The team manages to catch Phoebe and they put her in the interrogation room. Even with Phoebe in his home field, JD hesitates to question her again. Mackey gets his head back in the game and JD faces his fears. He is able to bait her into confessing it all. Meanwhile, the psychiatrist/handler shows up to break Phoebe out. However, at the last moment the team is able tor realize that he has been brainwashed into doing so. The idea was for him to assault a federal facility so he would die by suicide by cop. Realizing that he is unarmed, they take him peacefully so that he can also answer for his crimes.
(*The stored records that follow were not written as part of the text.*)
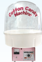
⑪ わたがし機 CA-120型 バブルカバー付
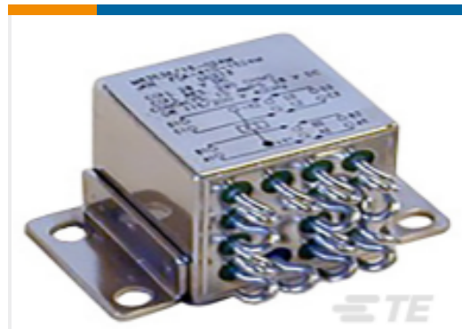
TE 产品编号5-1617808-6 TD228-1103P=TDFO 110 SEC M83726 /28-1103P
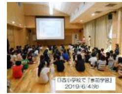
日吉小学校で「事前学習」 2019/6/4(火)
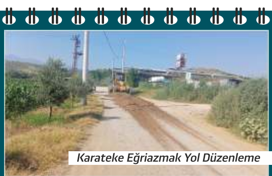
Karateke Eğriazmak Yol Düzenleme

At the same time, the seaman’s boyfriend acts on a subliminal command to kill himself publicly, and the team is able to stop that as well.
The episode mostly dips into the elements of hypnosis, brainwashing, and psyop programs similar to MKULTRA. While Tarot is a visual theme, they do not go to great lengths to get that right. However, this is forgivable since the agents are not very knowledgeable about the subject and the killer only uses some of the language and custom artwork as prompts for her suggestions. The only tarot expert in the episode is dead in a bathtub before we see her. The hypnosis scenes remind me a lot of scenes in movies like Get Out and Weapons. When people take the drug, their vision blurs and there is a frantic desperation to the scene. It felt awful in the best ways. There is a little truth to this kind of brainwashing as the US government used LSD and other drugs to make people more suggestible or mentally weak. Still, it is just a very creepy flight of fancy. This episode killed it and showed me why sometimes an episode can grab you and not let go.